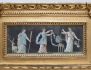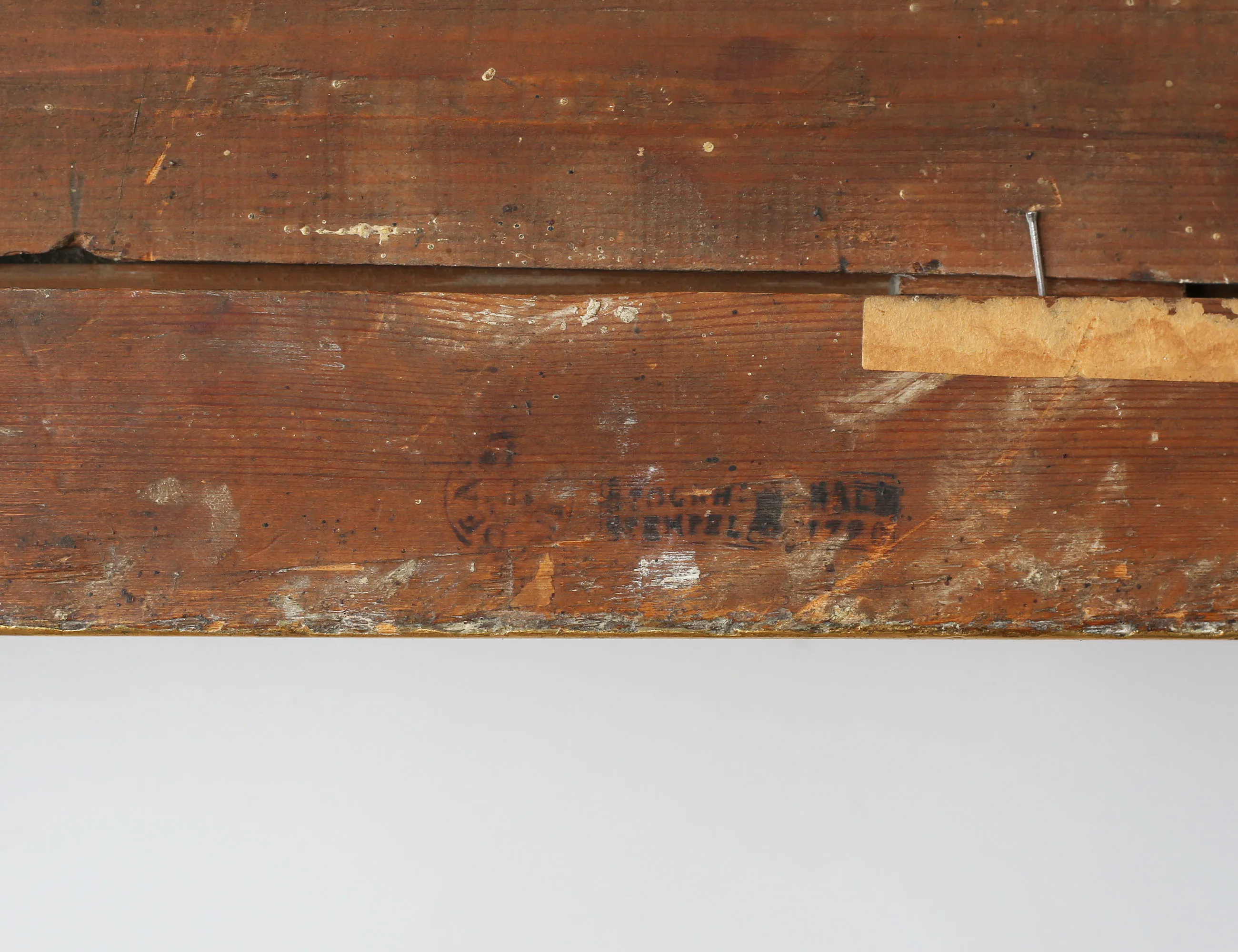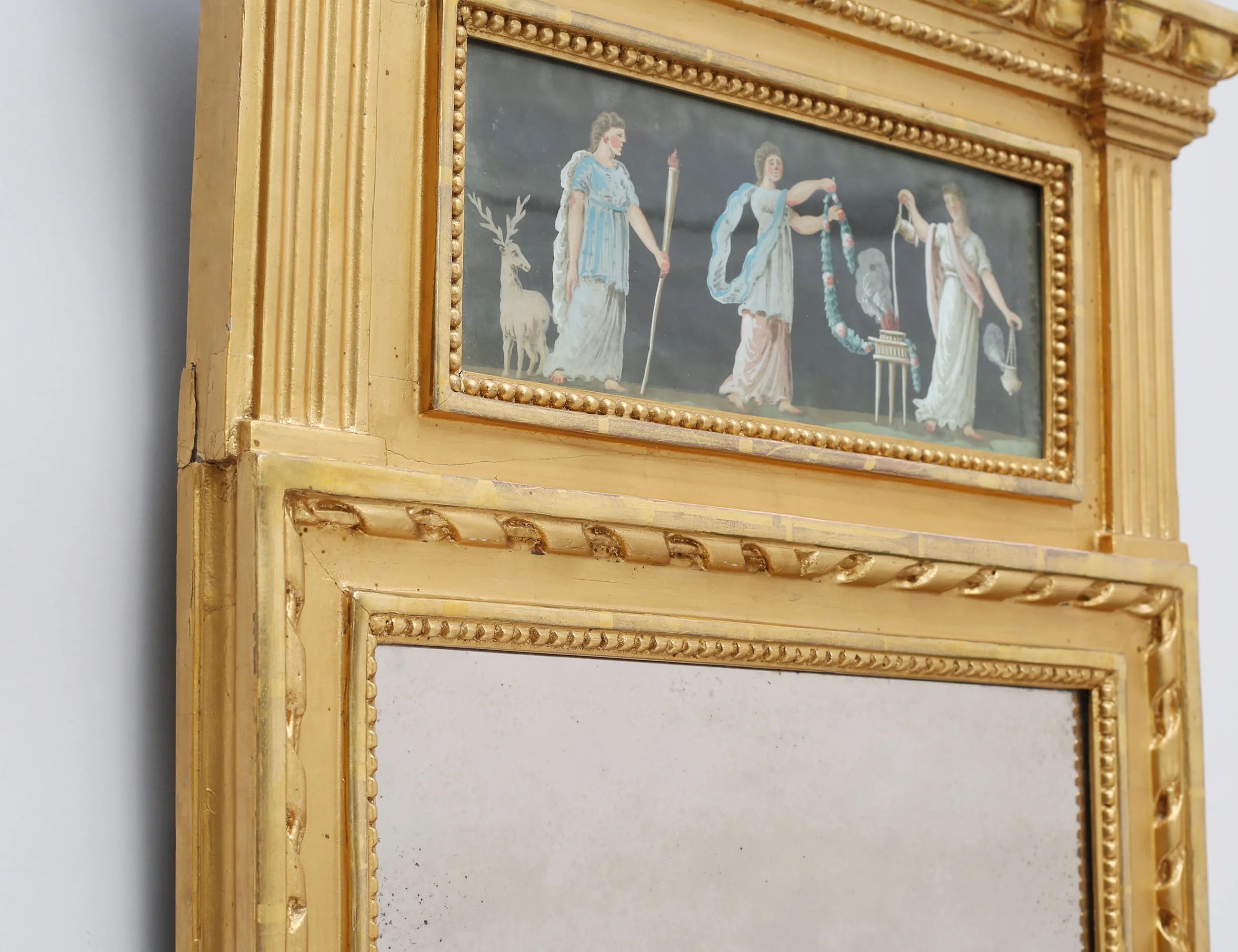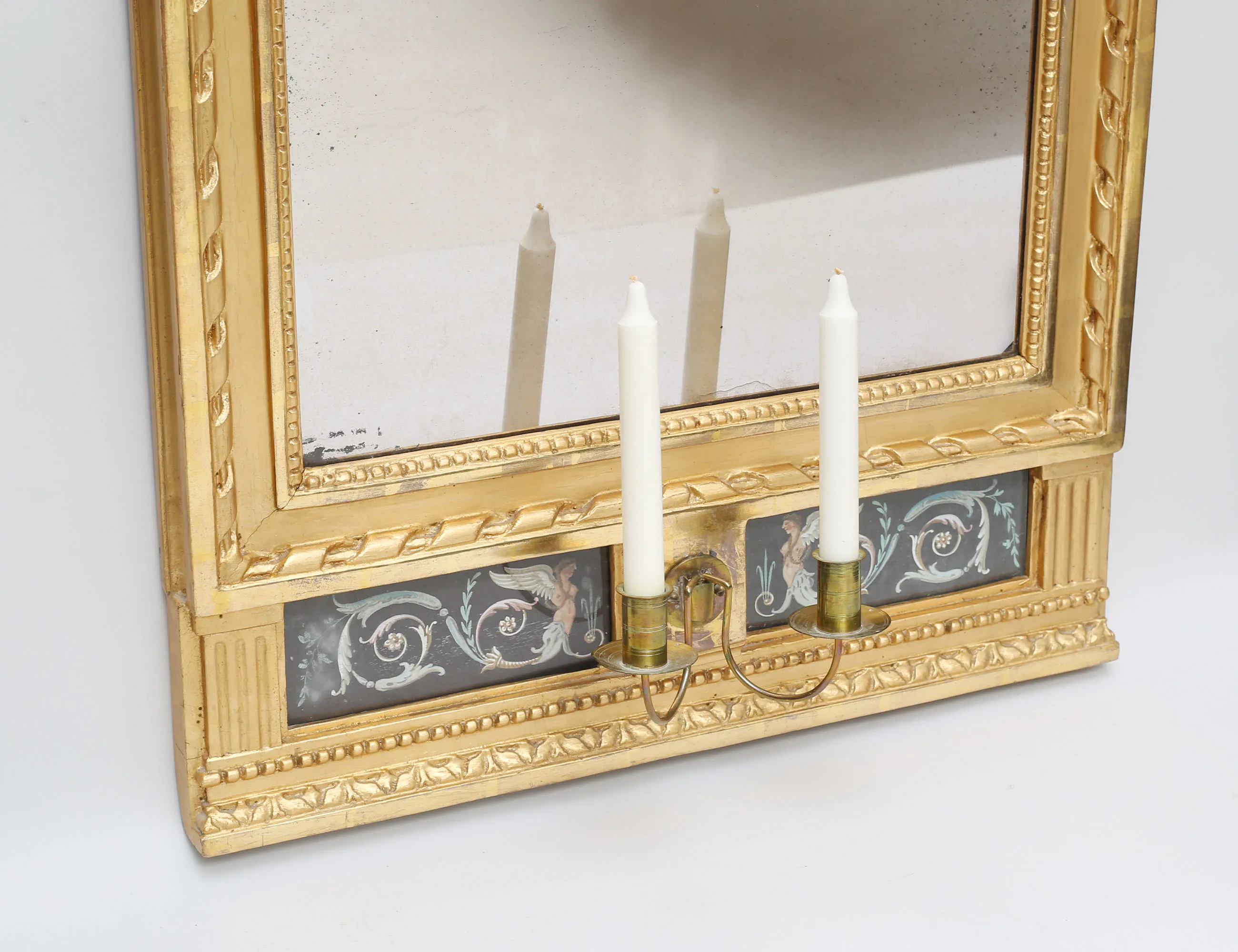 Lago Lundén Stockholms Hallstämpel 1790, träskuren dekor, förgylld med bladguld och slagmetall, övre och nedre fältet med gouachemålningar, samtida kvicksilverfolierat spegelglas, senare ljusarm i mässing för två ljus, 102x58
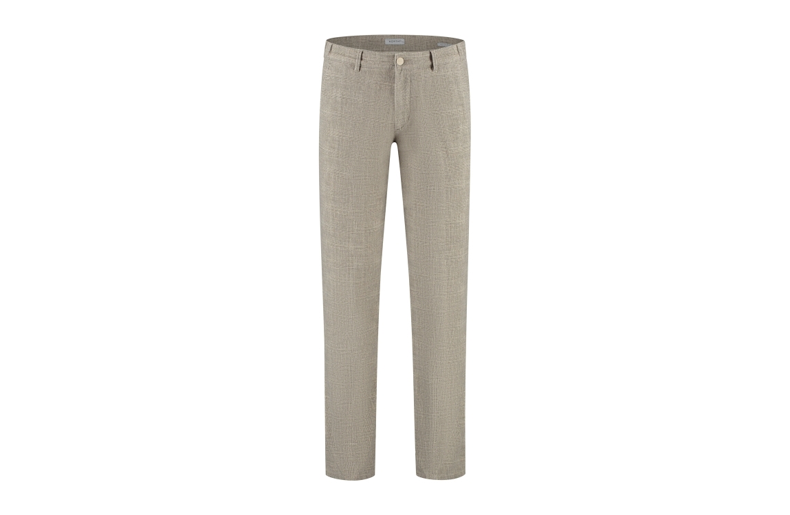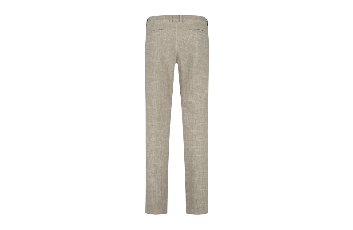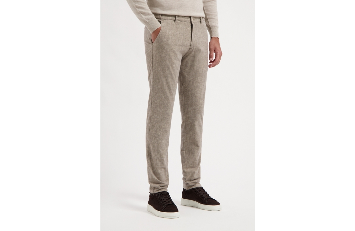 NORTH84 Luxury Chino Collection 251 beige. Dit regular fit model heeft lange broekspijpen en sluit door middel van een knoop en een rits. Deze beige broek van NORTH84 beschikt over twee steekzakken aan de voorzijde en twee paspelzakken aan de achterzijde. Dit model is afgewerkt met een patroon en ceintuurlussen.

■ ■ ■

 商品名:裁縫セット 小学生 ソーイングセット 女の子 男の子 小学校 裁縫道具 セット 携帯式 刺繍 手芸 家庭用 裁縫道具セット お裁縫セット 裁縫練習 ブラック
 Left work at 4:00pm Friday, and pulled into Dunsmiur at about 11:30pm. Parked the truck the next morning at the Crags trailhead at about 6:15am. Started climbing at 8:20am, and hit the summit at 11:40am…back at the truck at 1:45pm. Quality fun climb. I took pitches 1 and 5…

■ ■ ■

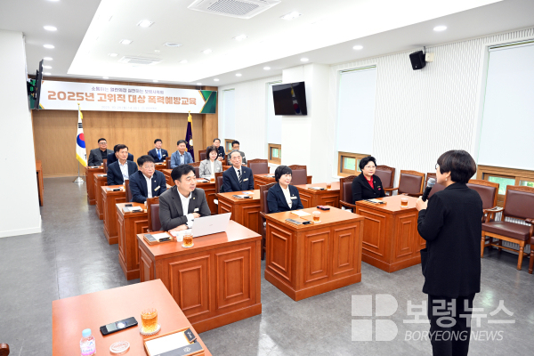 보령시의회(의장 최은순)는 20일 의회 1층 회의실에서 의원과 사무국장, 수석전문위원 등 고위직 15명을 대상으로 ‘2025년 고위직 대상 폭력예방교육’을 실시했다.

■ ■ ■

> TO DO
Everything above from the line that has "Lago Lundén Stockholms" down to the line that has "NORTH84 Luxury Chino" should be output exactly, with both of those lines included. Leave the pictures behind.

> TASK OUTPUT
 Lago Lundén Stockholms Hallstämpel 1790, träskuren dekor, förgylld med bladguld och slagmetall, övre och nedre fältet med gouachemålningar, samtida kvicksilverfolierat spegelglas, senare ljusarm i mässing för två ljus, 102x58
 NORTH84 Luxury Chino Collection 251 beige. Dit regular fit model heeft lange broekspijpen en sluit door middel van een knoop en een rits. Deze beige broek van NORTH84 beschikt over twee steekzakken aan de voorzijde en twee paspelzakken aan de achterzijde. Dit model is afgewerkt met een patroon en ceintuurlussen.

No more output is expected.